Plus de 25.000 employés qui sont concernés par la même situation a-t-on déploré. «Notre malheur ce sont les représentants syndicaux qui ne représentent qu'eux mêmes», regrettent les dizaines d'employés. Tournant le dos aux préoccupations des travailleurs, des syndicalistes ont été soudoyés par des postes et des privilèges, rien que pour bénéficier des promotions au détriment de l'intérêt général et de l'entreprise Algérie Poste.
Rassemblées dans un document rendu public, neuf revendications ont mis en avant leurs préoccupations.
Ces employés qui dépassent l'âge de la retraite continuent à souffrir le martyre. Ils se plaignent du manque du minimum, à commencer par les chaises aux niveaux des guichets de postes.

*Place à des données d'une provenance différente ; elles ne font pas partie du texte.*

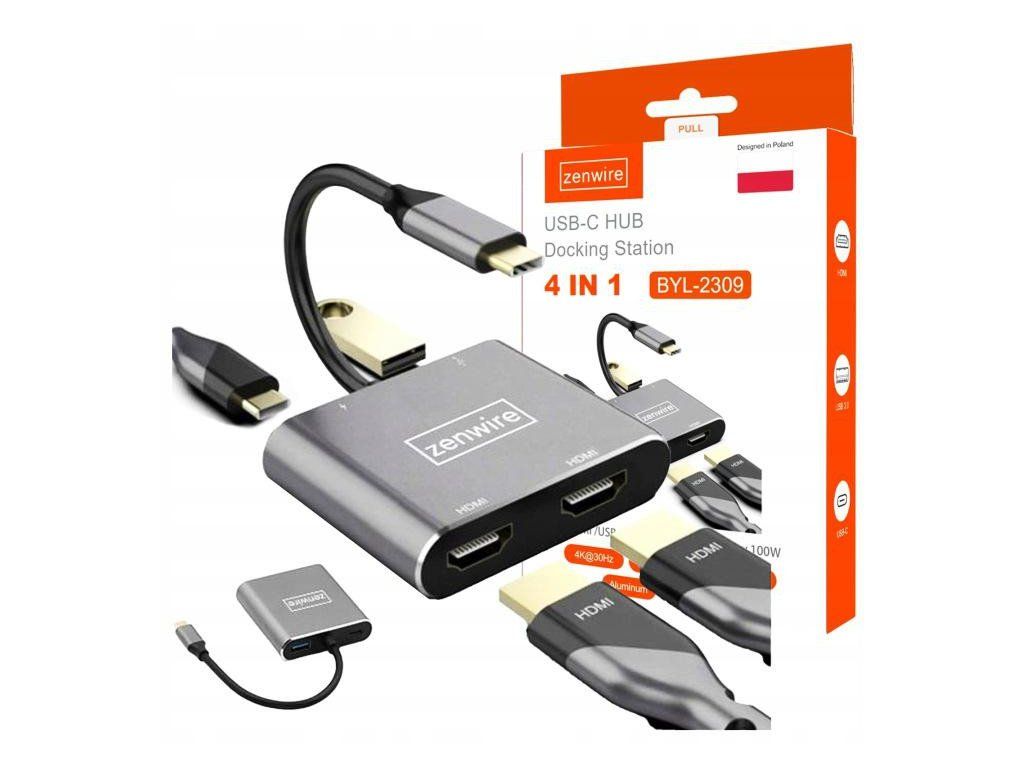 ADAPTÉR USB-C 4 v 1 ZENWIRE HUB s portami: bYL-2309 Zenwire BYL-2309: 2x HDMI 4K, USB 3.0, Power Delivery 87W

Sans eau et sans électricité depuis l'incident de la grande poste du 19 décembre dernier, des employés n'ont pas écarté l'hypothèse des gouttes d'eau qui sont à l'origine du court circuit qui a coûté très cher à Algérie Télécom et à tout le secteur.
Tenant compte des préoccupations communes à travers le pays, il est question de plus de 25 wilayas qui ont déjà commencé à observer des arrêts de travail, afin de dénoncer le «ras-le-bol» qui sévit dans les agences postales.
Mépris, harcèlement moral et professionnel, favoritisme, passe-droits, stagnation professionnelle, absence de formation et gestion de carrières, sont leurs préoccupations. «On veut cacher le soleil avec le tamis. Venez voir les conditions et les bureaux des agences. Souvent, il y'a absence de timbres fiscaux, mandats et autres documents qui puissent répondre aux besoins des services publics, et ce, en plus de la pression du public devant les guichets», déplore t-on.
Certains travailleurs n'ont pas hésité à se poser des questions. «Où va l'argent d'Algérie Poste'», s'interrogent t-ils.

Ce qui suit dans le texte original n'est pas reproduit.